Posted by: admin November 1, 2017 Leave a comment

Questions:

I am looking for the best way (fast and elegant) to get a random boolean in python (flip a coin).

For the moment I am using random.randint(0, 1) or random.getrandbits(1).

Are there better choices that I am not aware of?

Answers:

Adam’s answer is quite fast, but I found that random.getrandbits(1) to be quite a lot faster. If you really want a boolean instead of a long then

bool(random.getrandbits(1))

is still about twice as fast as random.choice([True, False])
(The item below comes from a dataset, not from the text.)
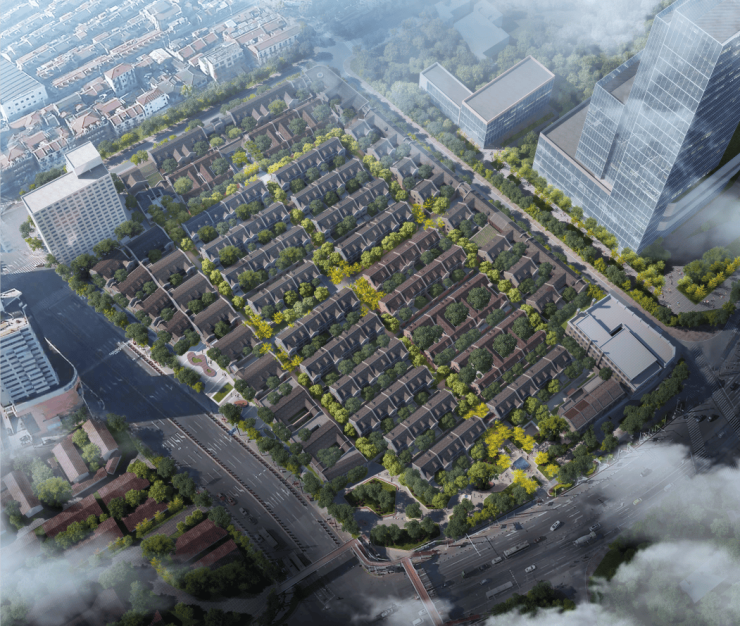 由于项目 “历史风貌街区” 的特殊属性,区域将沿袭 “总弄-支弄” 的里弄风貌肌理,现有的历史建筑实施“留改拆”方式,可采用规划保留或拆除复建方式予以更新,建筑立面不宜改变,保留历史特色构建。

If utmost speed isn’t to priority then random.choice definitely reads better

$ python -m timeit -s "import random" "random.choice([True, False])"
1000000 loops, best of 3: 0.904 usec per loop
$ python -m timeit -s "import random" "random.choice((True, False))" 
1000000 loops, best of 3: 0.846 usec per loop
$ python -m timeit -s "import random" "random.getrandbits(1)"
1000000 loops, best of 3: 0.286 usec per loop
$ python -m timeit -s "import random" "bool(random.getrandbits(1))"
1000000 loops, best of 3: 0.441 usec per loop
$ python -m timeit -s "import random" "not random.getrandbits(1)"
1000000 loops, best of 3: 0.308 usec per loop
$ python -m timeit -s "from random import getrandbits" "not getrandbits(1)"
1000000 loops, best of 3: 0.262 usec per loop  # not takes about 20us of this

Added this one after seeing @Pavel’s answer

$ python -m timeit -s "from random import random" "random() < 0.5"
10000000 loops, best of 3: 0.115 usec per loop

Questions:
Answers:
random.choice([True, False])

would also work.

Questions:
Answers:

Found a faster method:

$ python -m timeit -s "from random import getrandbits" "not getrandbits(1)"
10000000 loops, best of 3: 0.222 usec per loop
$ python -m timeit -s "from random import random" "True if random() > 0.5 else False"
10000000 loops, best of 3: 0.0786 usec per loop
$ python -m timeit -s "from random import random" "random() > 0.5"
10000000 loops, best of 3: 0.0579 usec per loop

Questions:
Answers:

If you want to generate a number of random booleans you could use numpy’s random module. From the documentation

np.random.randint(2, size=10)

will return 10 random uniform integers in the open interval [0,2). The size keyword specifies the number of values to generate.

Questions:
Answers:

I like

 np.random.rand() > .5

Questions:
Answers:

A new take on this question would involve the use of Faker which you can install easily with pip.

from faker import Factory

#----------------------------------------------------------------------
def create_values(fake):
    """"""
    print fake.boolean(chance_of_getting_true=50) # True
    print fake.random_int(min=0, max=1) # 1

if __name__ == "__main__":
    fake = Factory.create()
    create_values(fake)